О душе и вере. Солдатам Второй мировой

Катрены Феп
               
  Вера в Бога - священна, если душа верующего благородна и бескорыстна.
  И Пророки, посланные Всевышним, и Божественные Законы (не суть важно: Тора, Библия или Коран) направляют человека на путь Истины. Все распри человечества - от лукавого.
 
  Среди часовых дел мастеров в Грозном было много евреев. Мне бы хотелось рассказать о судьбе одного из них.
  Я не могу даже вспомнить отчества: все звали его дядя Семён. Он был невысок, сед, благожелателен и полон достоинства, так свойственного людям, прожившим долгую жизнь. Фронтовые ордена и медали говорили сами за себя. Апогеем военных невзгод красноармейца Семёна стал ад нацистского концентрационного лагеря.
 
  Существовала арийская теория распознавания евреев: по форме черепа, по кончику фаллоса, по... Исходя из всех пунктов этой классификации, военнопленного Семёна гарантированно ожидала газовая камера, но на вопрос о национальности он, родившийся и живший до войны в Грозном, ответил: "Чеченец". Обряд обрезания свойственен и иудеям и мусульманам. Эту-то карту Семён и собирался разыграть. Но банковал немец, приказав привести чеченцев, тоже оказавшихся в концлагере. Горцы, узнав о причине вызова, оценивающе изучали земляка, не проронив ни слова.
 
  Молчание нарушил немец.
- Говорите, но на чеченском языке!
 
  Надо заметить, что до конца пятидесятых годов, теперь уже прошлого века, в Грозном проживало очень мало чеченцев. По соглашению, принятому ещё при генерале Ермолове, Грозный, бывший изначально казачьим станом, и низовья Терека достались казакам с россиянами, а горы - горцам. Старожилы рассказывали, что горцы приезжали в Грозный на арбах, привозя для продажи: кукурузу, мясо, рассольные сыры и зелень. В самом же Грозном жили исключительно главы тейпов (вайнахских родов) со своими домочадцами. Дети горской элиты получали великолепное европейское образование и на родном языке говорили редко. Неудивительно, что познания в чеченском языке у Семёна были весьма скромные.
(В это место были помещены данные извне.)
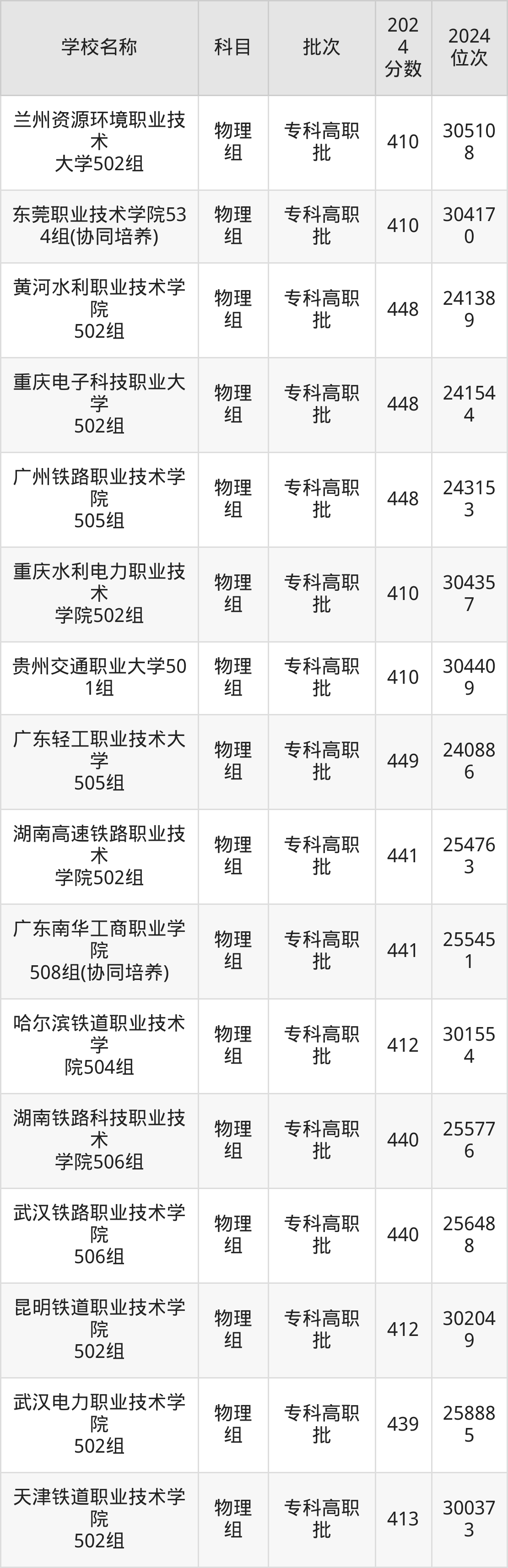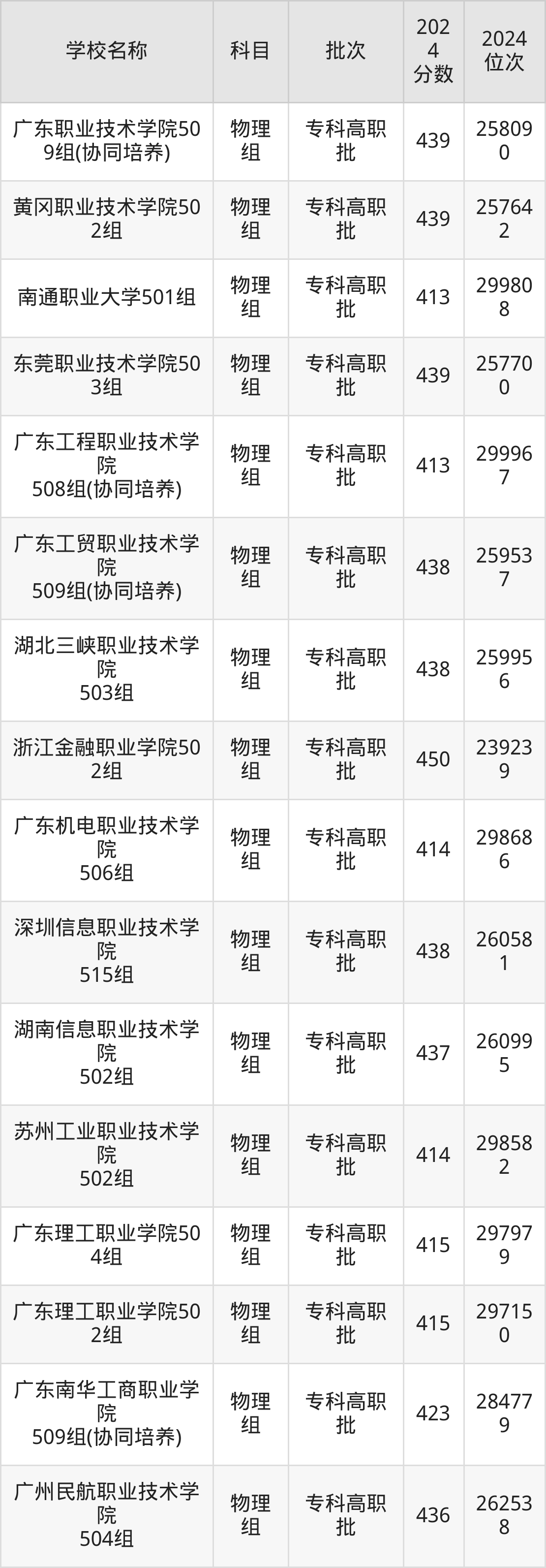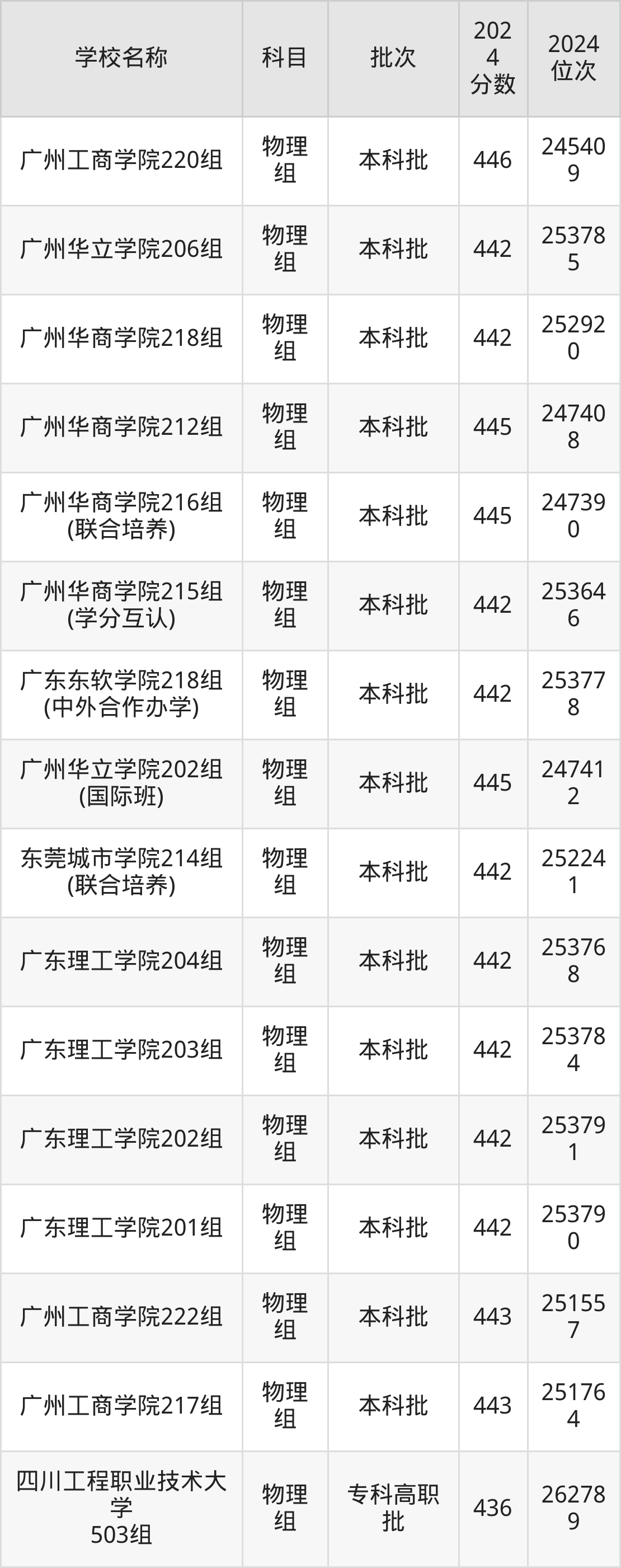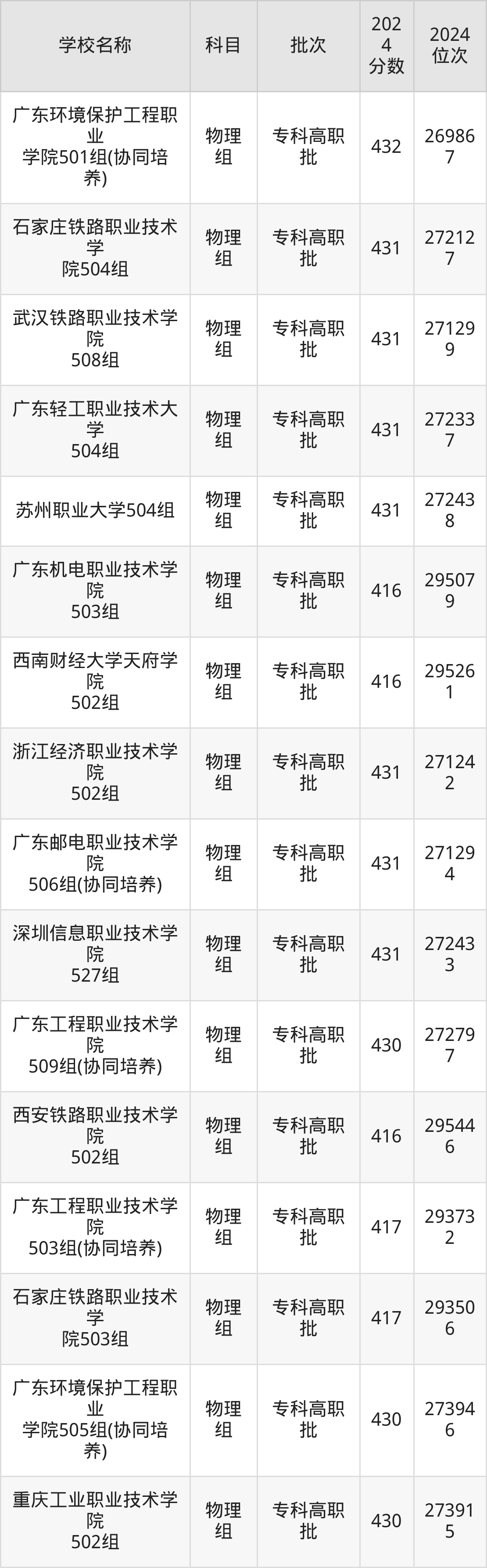 广东高考物理组共有79所理科大学在410到450分之间录取,包含西安航空职业技术学院、浙江金融职业学院、广东轻工职业技术大学、广州商学院、广州铁路职业技术学院、重庆电子科技职业大学、黄河水利职业技术学院、广州华立学院、海南比勒费尔德应用科学大学、广州工商学院。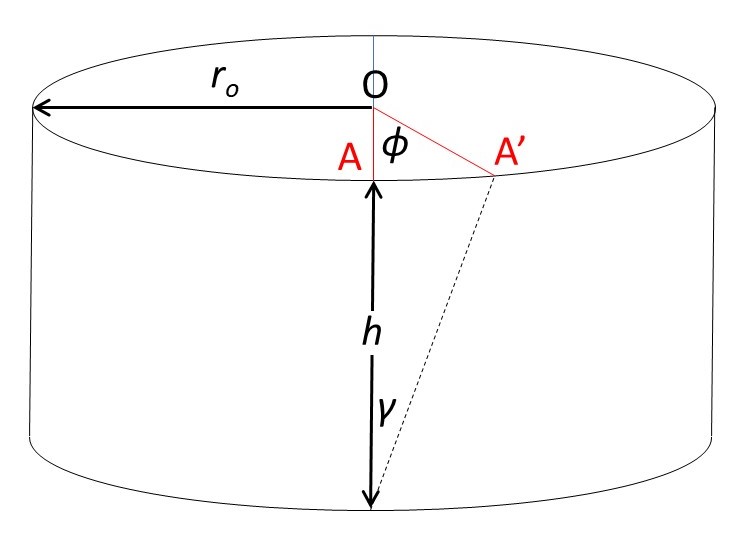 In the picture above, torsion is applied to a cylinder, with a fixed base, so that A moves to A’. O is the centre of the top face of the cylinder and defines the origin of a polar coordinate system where r represents the radial component; the maximum value of r is ro. The angular displacement AOA’ is denoted by ϕ and is called the torsion angle. According to post 20.19, γ is the shear strain for simple shear. If ϕ is measured in radians, the length of the arc AA’ is roϕ.

  Инициатива дальнейшего развития событий перешла к чеченцам. Одному Богу ведомо, что творилось в душе Семёна. Молчание нарушило мусульманское приветствие, ставшее прологом пьесы о человечности в театре жизненного абсурда.
 
  Семён, интерпретировав собственное имя на мусульманский лад, и, собрав воедино весь свой лексический запас чеченского языка, стал вживаться в роль. С невозмутимым видом чеченцы дополняли абракадабру лжечеченца осмысленными речами на родном языке. Названия аулов и имена предков истинных чеченцев чередовались с нелепыми ответами самозванца. Божественный промысел вдохновлял горцев на лицедейство, грозившее им (в случае разоблачения) смертью.
 
  Внимательно слушая советских военнопленных, немец, возможно, уловил разницу в произношении (в чеченском языке много придыхательных звуков). Зародившиеся сомнения немца горцам удалось развеять, сказав, что это действительно чеченец, но долго живший среди русских, а потому подзабывший родной язык.
 
  Неизвестно какой вердикт вынес бы незабвенный Константин Сергеевич, но администрация фашистского концлагеря поверила.

  "...следовали...желаниям души своей...нет у человека ничего, кроме его благого деяния, и...будет замечено его деяние, и воздастся за него самым полным воздаянием... у кого перевесит чаша добра в День Воскресения..." (Коран: суры 53 и 101).